For my entire adult life, I have been immersively devoted to the world of Dune. In the nineties, I even made my own audiobook version (dozens and dozens of cassette tapes) of all the original Frank Herbert books and have written much about Dune. I know Kevin J Anderson, the co-author with Frank Herbert’s son Brian, of all the many highly creditable Dune sequels and prequels they’ve written. They wrote the material this series is supposedly based on, but I’m sure they had little to do with whatever the mediocre committee of dumbasses did with it.

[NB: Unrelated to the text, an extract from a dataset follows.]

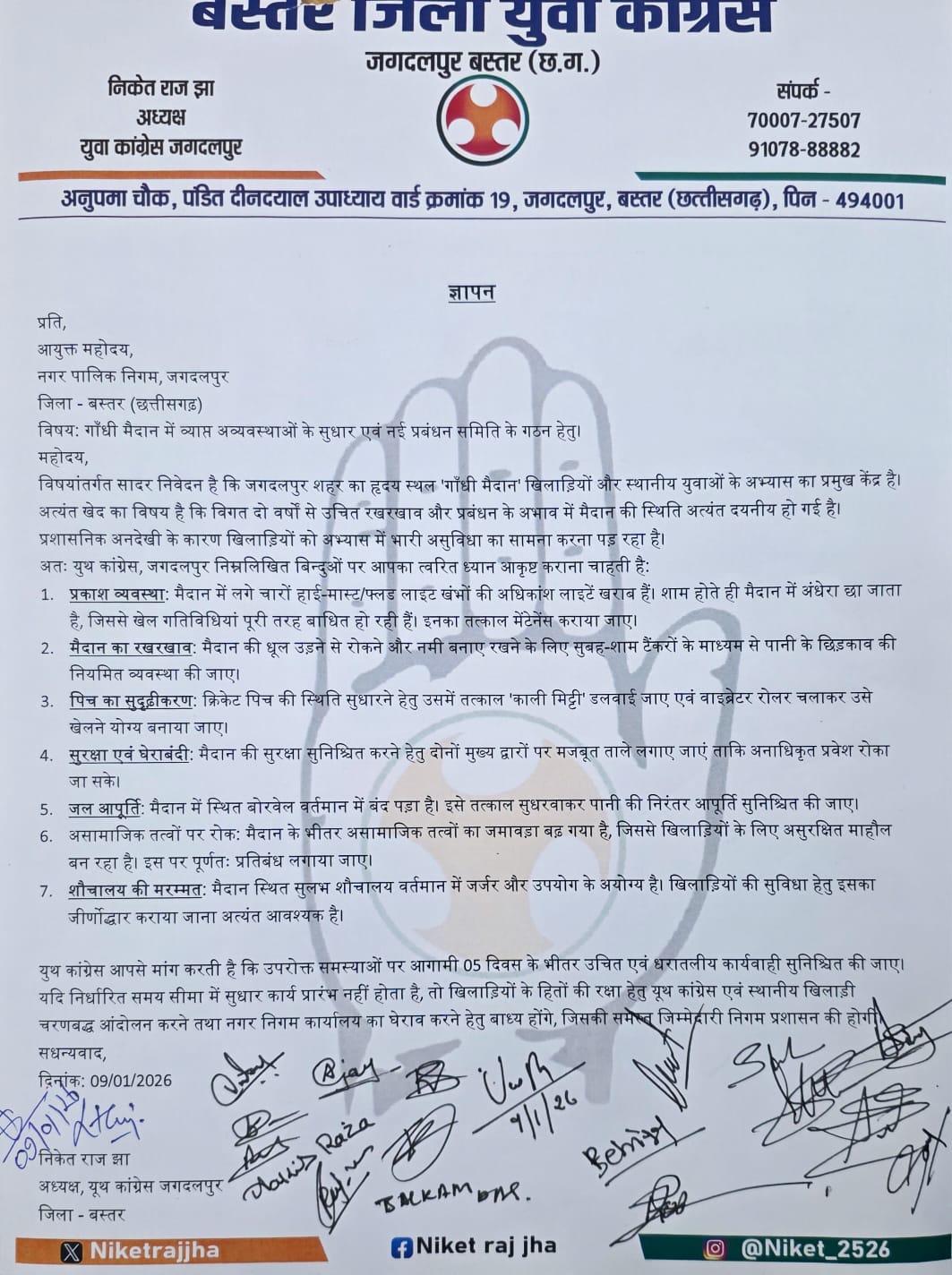 श्री झा ने कहा है कि इन समस्याओं पर आगामी 5 दिवस के भीतर उचित एवं धरातलीय कार्यवाही सुनिश्चित की जाए। यदि निर्धारित समय सीमा में सुधार कार्य प्रारंभ नहीं होता है, तो खिलाड़ियों के हितों की रक्षा हेतु यूथ कांग्रेस एवं स्थानीय खिलाड़ी चरणबद्ध आंदोलन करने तथा नगर निगम कार्यालय का घेराव करने हेतु बाध्य होंगे। इस अवसर पर नेता प्रतिपक्ष राजेश चौधरी, विक्रम सिंह डांगी, पार्षद शुभम यदु, ललिता राव, जिला उपाध्यक्ष सोनारु नाग, आकिब रज़ा, शेख सद्दाम रज़ा, वैभव नेताम, ब्लॉक अध्यक्ष रजत जोशी, आदर्श नायक, प्रभुदास नाग, प्रदीप सेठिया, एनसयूआई प्रदेश महासचिव आदित्य बिसेन महासचिव हेमंत पाण्डेय, उस्मान रज़ा, कृष्णा उपाध्याय, तरणजीत सिंह रंधावा, इंदर झज्ज, सचिव शेख जुनैद, खेमराज सेठिया, अजय पाण्डेय, तरसेम जसवाल, राज, बलराम आदि मौजूद रहे।

I love many things in the David Lynch Dune movie and the new Villeneuve Dune movies, though both have many failings. I will forever wish I hadn’t seen even the few minutes worth of the Sci-Fi channel’s Dune series I watched, and I also made it only a few minutes into the new HBO series before I realized that it would only degrade my vision of the Dune world.
As soon as we’re introduced to members of the Bene Gesserit sisterhood, I felt the needle scratching across the vinyl record as I saw a sucktacular, deal-breaking, godawful misconception. Lynch understood what the Bene Gesserit are like, and Villeneuve did a great job casting Mother Superior Gaius Helen Mohiam, but his choice of Jessica was too lightweight, barely passable. To be honest, as much as I like Timothy Chalumet, he’s also too lightweight and too nice to be an ideal Paul. To be fair, Paul is tough to cast, as he is supposed to be fifteen at the start of Dune, and finding someone close to that age with Paul’s intensity, seriousness, and paranormal radiance would be quite a challenge, but not impossible.

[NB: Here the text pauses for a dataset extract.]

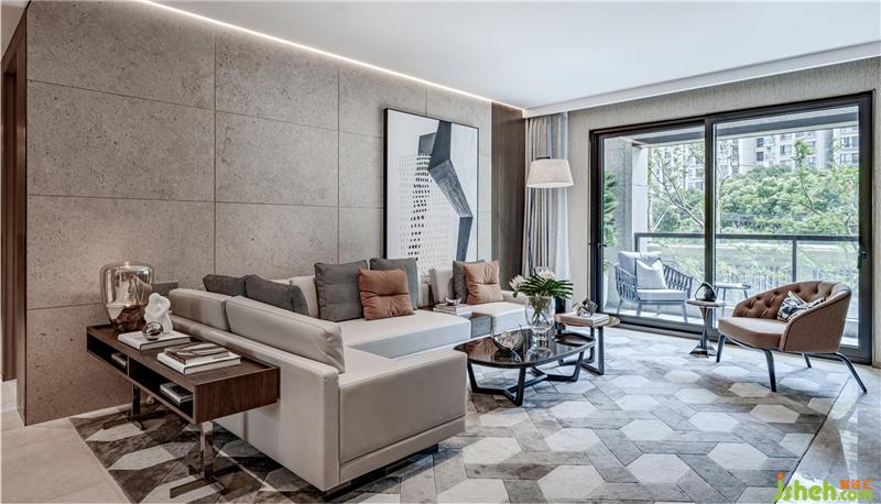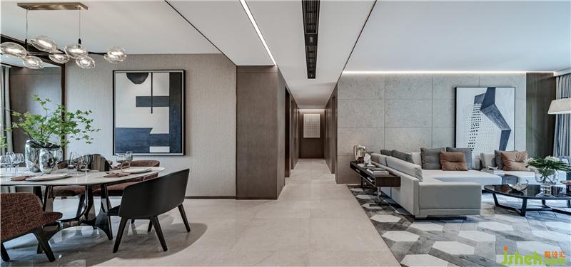 公共空間開敞式的設計帶來開闊的空間感受,入戶后從玄關至起居室、餐廳,層層遞進,光線和自然之景的引入,讓空間中的每一處都是輕松愜意的。溫暖柔軟的材質(zhì)布滿人體所能接觸的地方,同石材背景墻形成軟和硬、光滑與粗糙、溫暖與清冽的對比。

The set designers looked like they had done their job seel, but as soon as I saw the wokecast group of lightweight young women who seemed like a bunch of sorority girls from Barnard, I realized this was sucktacular disaster. There was an obvious total failure to understand the iBene Gesserit Sisterhood and, therefore, a total failure to represent the world of Dune. It would be a massive mistake for anyone to watch such a dumbed-down degradation of Frank Herbert’s creation. Read the books, and film your own series in your imagination.